If an illegal alien is arrested for a state crime, officers in Phoenix would no longer be allowed to take them directly to ICE for deportation and document the crime in a report if the sanctuary measures get adopted. Taxpayers must fund a mandated booking into county jail under the new rules, which state; “if there is a federal criminal charge and the person is under arrest for a state and/or local charge/s…the person will be booked into the Maricopa County Sheriff’s Office…” Keep in mind that Maricopa Sheriff Paul Penzone doesn’t like honoring ICE holds on jailed aliens and considers illegal immigrants “guests.” The new Phoenix Police Department rules also eliminate a table showing state immigration enforcement laws as well as documentation of police contacts with verified and/or suspected illegal aliens, a troublesome change that omits valuable city crime statistics.

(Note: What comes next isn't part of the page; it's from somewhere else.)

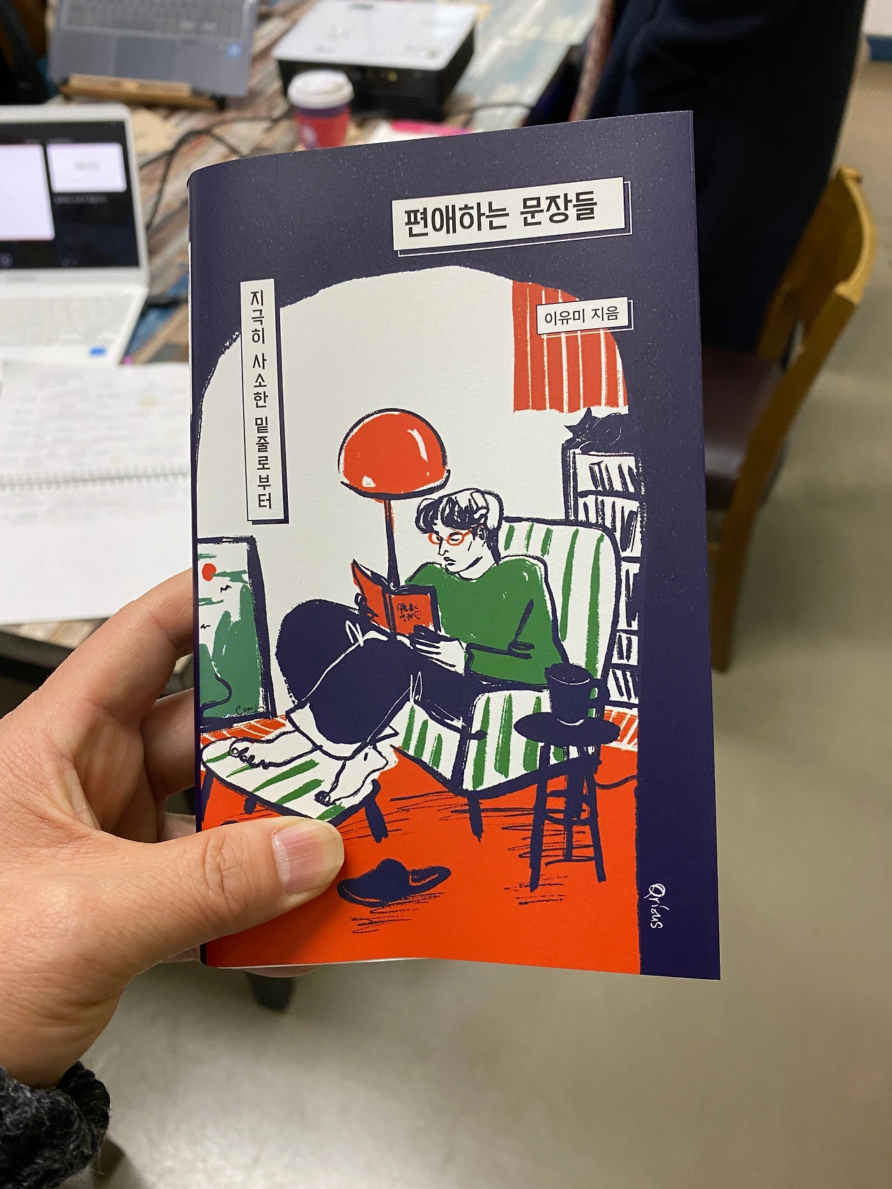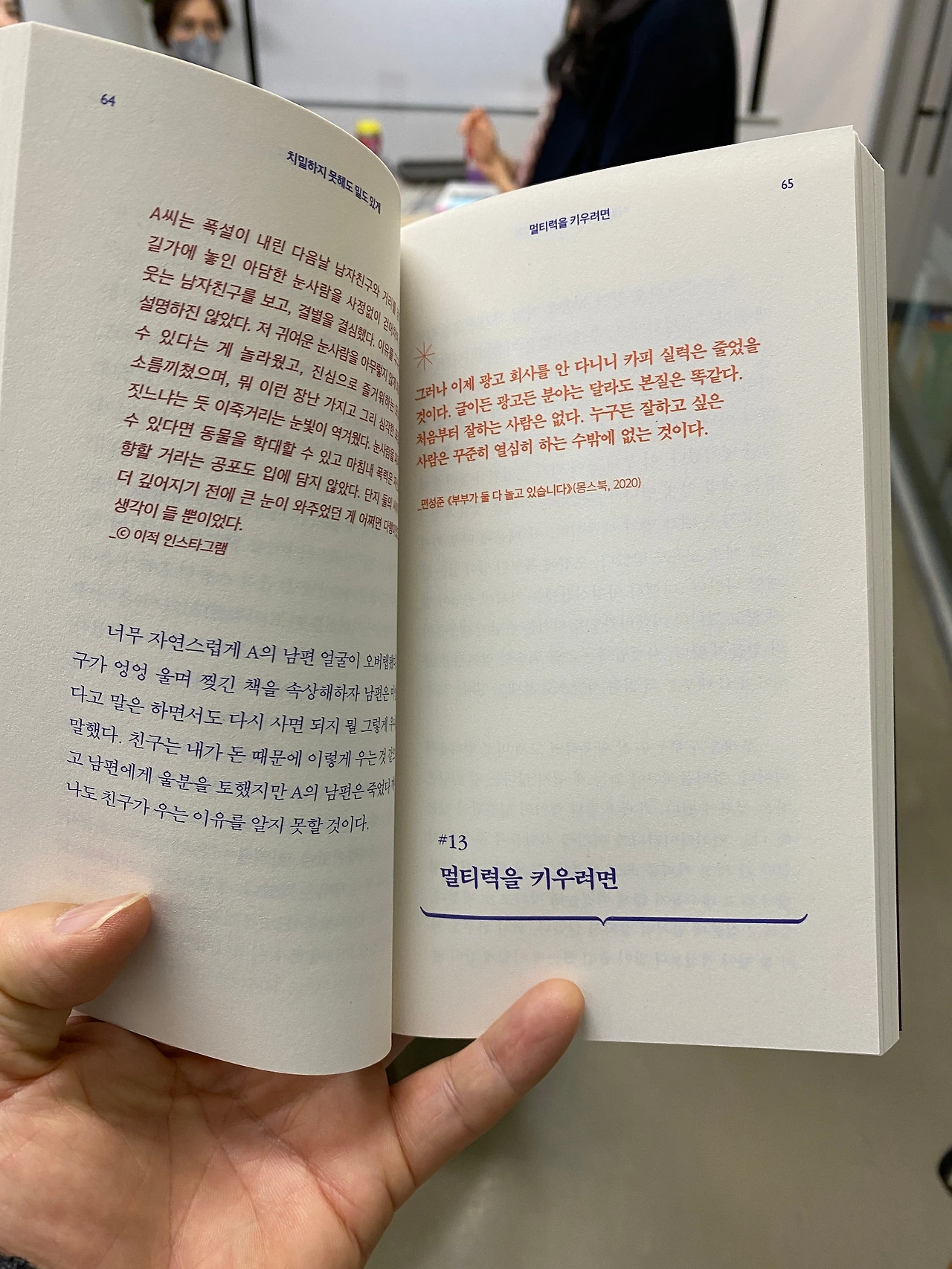 책은 이유미 작가의 『편애하는 문장들』이었고 <멀티력을 키우려면>이라는 소제목에 『부부가 둘 다 놀고 있습니다』에서 발췌한 제 글이 쓰여 있었습니다. ‘처음부터 잘하는 사람은 없으니 누구든 잘하려면 꾸준히 열심히 하는 수밖에 없다’는 다소 뻔한 내용이었습니다. 아름다운 글도 아니고 멋진 내용도 아닌 평범한 문장이었지만 생각지도 못한 곳에서 마주치니 이게 무슨 일인가 싶었습니다. 더구나 저는 조금 전까지만 해도 그 책의 존재도 몰랐고 읽어볼 생각도 안 했었으니까요.

Besides forbidding questioning suspects regarding place of birth, country of citizenship and legal status in the United States, the postponed Phoenix policy says that transportation of illegal aliens to ICE by officers has been eliminated for civil immigration violations unless the illegal alien “consents to a transport.” Both restrictions violate key provisions of a 2010 Arizona law known as Support Our Law Enforcement and Safe Neighborhoods Act (SB1070). Open borders and civil rights groups fought the law in federal court and succeeded in getting rid of many of its mandates but the U.S. Supreme Court upheld two key clauses in Section 2 of the measure.
The first, requires law enforcement officers to determine a suspects’ immigration status if “reasonable suspicion” exists that the person is in the U.S. illegally. This grants officers the discretion that has just been stripped in Phoenix. The other clause in Section 2 allows state law enforcement officers to transport illegal immigrants directly to federal custody. The new Phoenix sanctuary measure, also replace the term “illegal alien” with “a person unlawfully present.”
Judicial Watch will continue investigating Phoenix’s efforts to provide illegal immigrants sanctuary and has filed public records requests for the police department’s communications with third-party groups pushing for the now-paused policy change.